● **Source data**
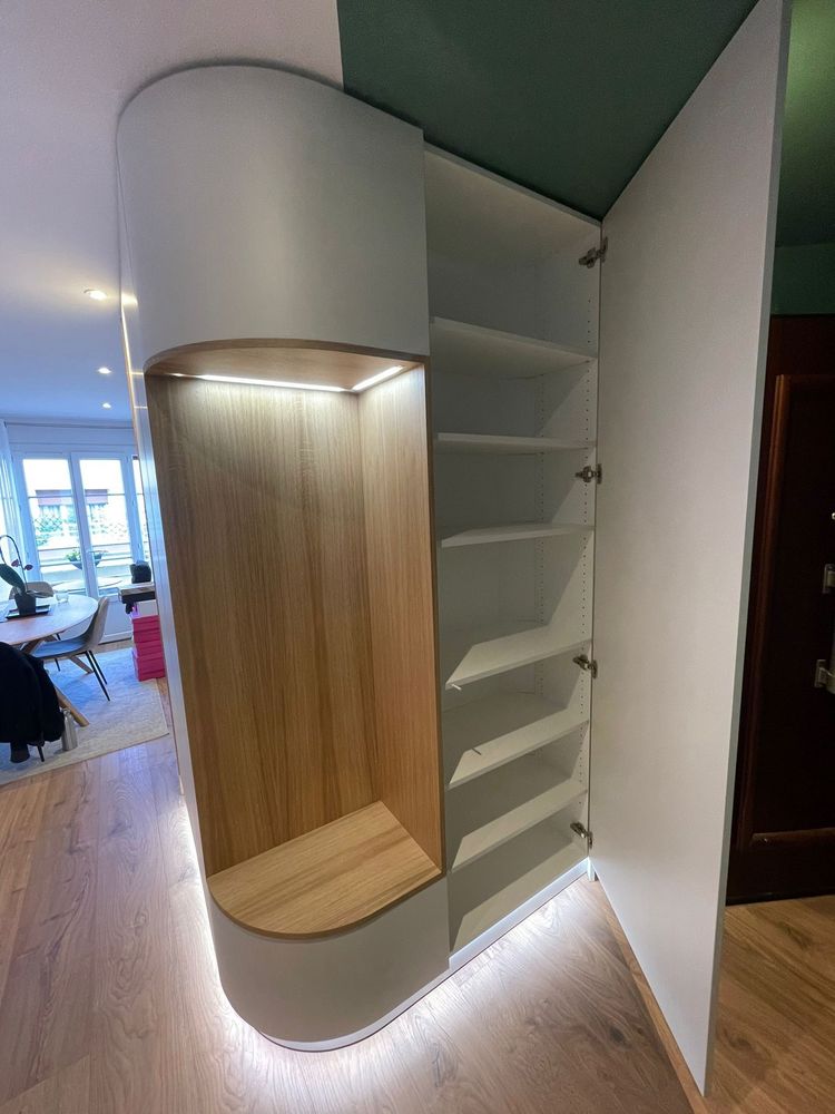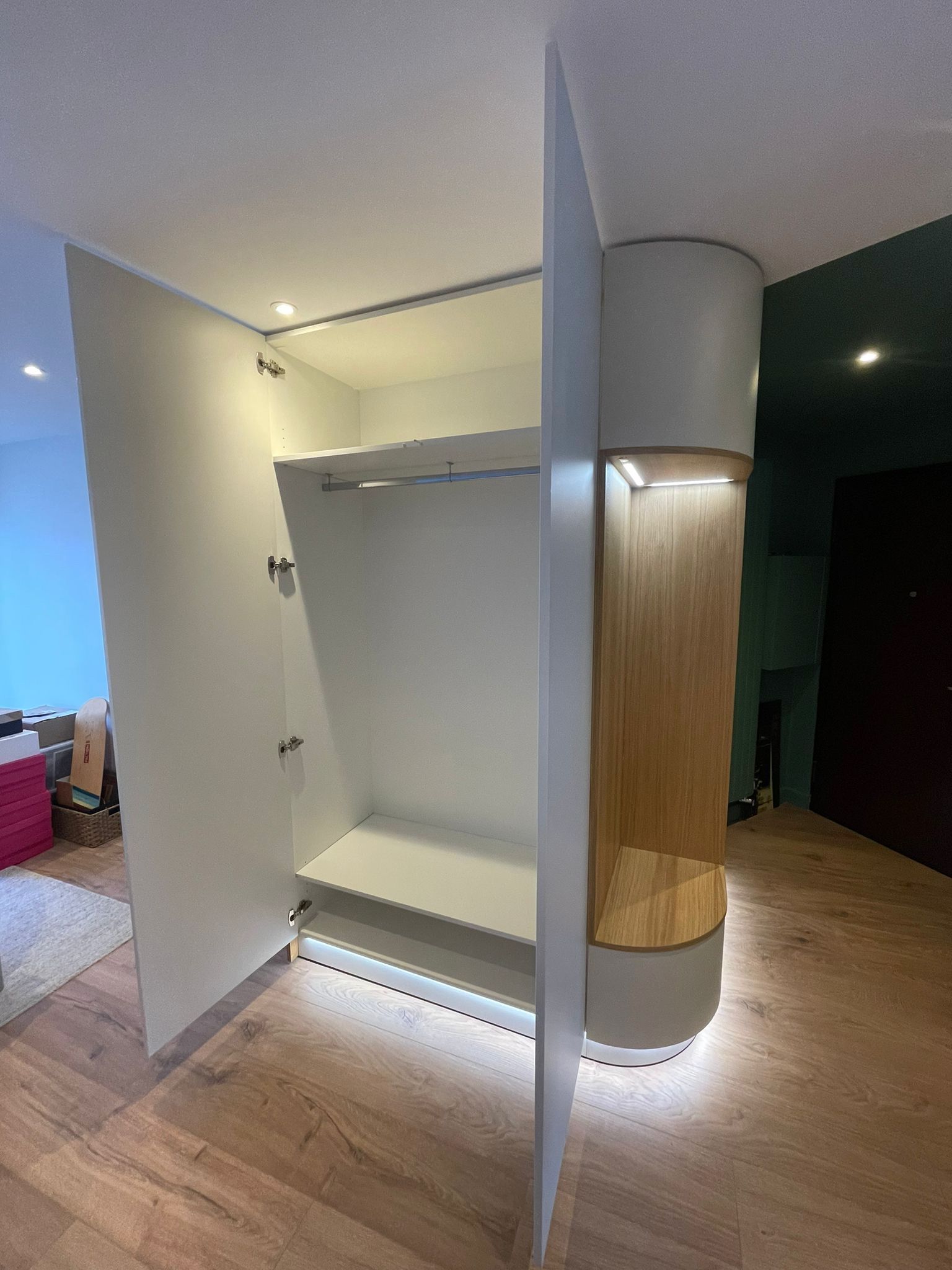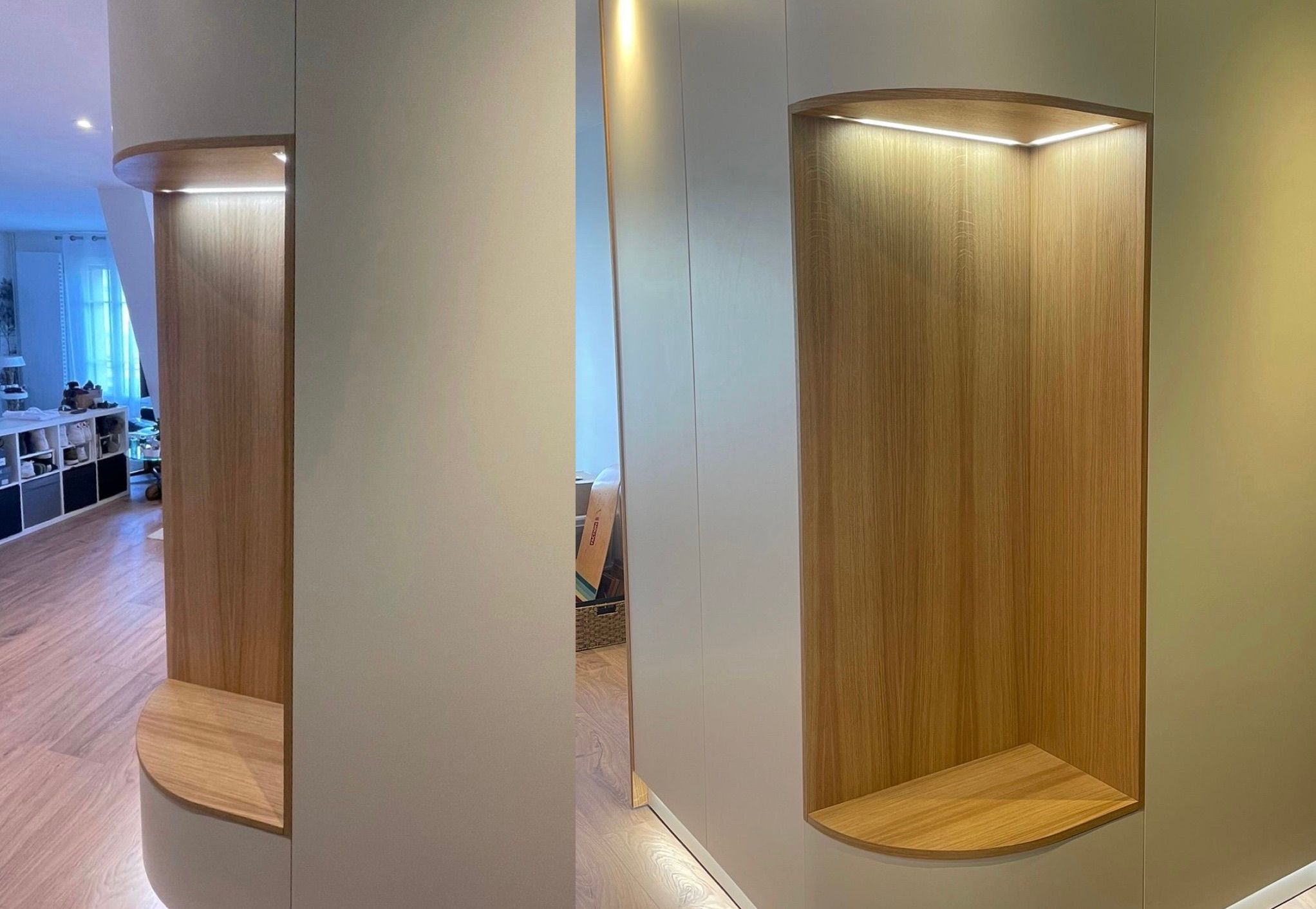 Réalisation d’un meuble d’entrée sur-mesure aux lignes courbes, pensé comme un élément architectural et d’optimisation de la circulation.
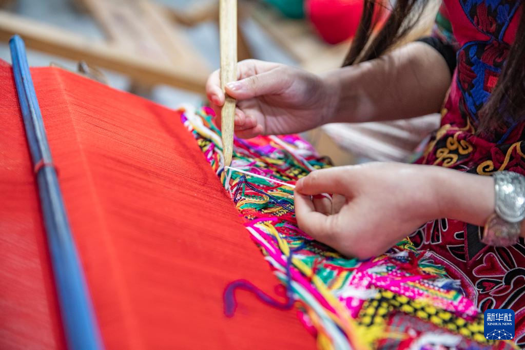 3月22日,在重庆市黔江区小南海镇新建村西兰卡普非遗工坊,村民在编织西兰卡普产品。新华社记者 黄伟 摄
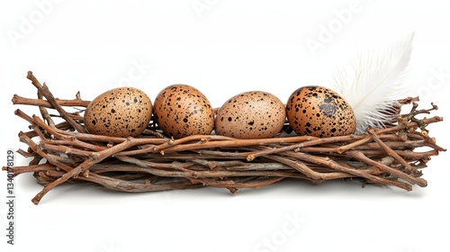 © Chang_Chanvit, Fototapeta premium Speckled Brown Bird Eggs in Rustic Twig Nest with Feather

● **What you should do**
The result should be an exact copy of the material, containing no pictures.

● **Written solution**
 Réalisation d’un meuble d’entrée sur-mesure aux lignes courbes, pensé comme un élément architectural et d’optimisation de la circulation.
 3月22日,在重庆市黔江区小南海镇新建村西兰卡普非遗工坊,村民在编织西兰卡普产品。新华社记者 黄伟 摄
 © Chang_Chanvit, Fototapeta premium Speckled Brown Bird Eggs in Rustic Twig Nest with Feather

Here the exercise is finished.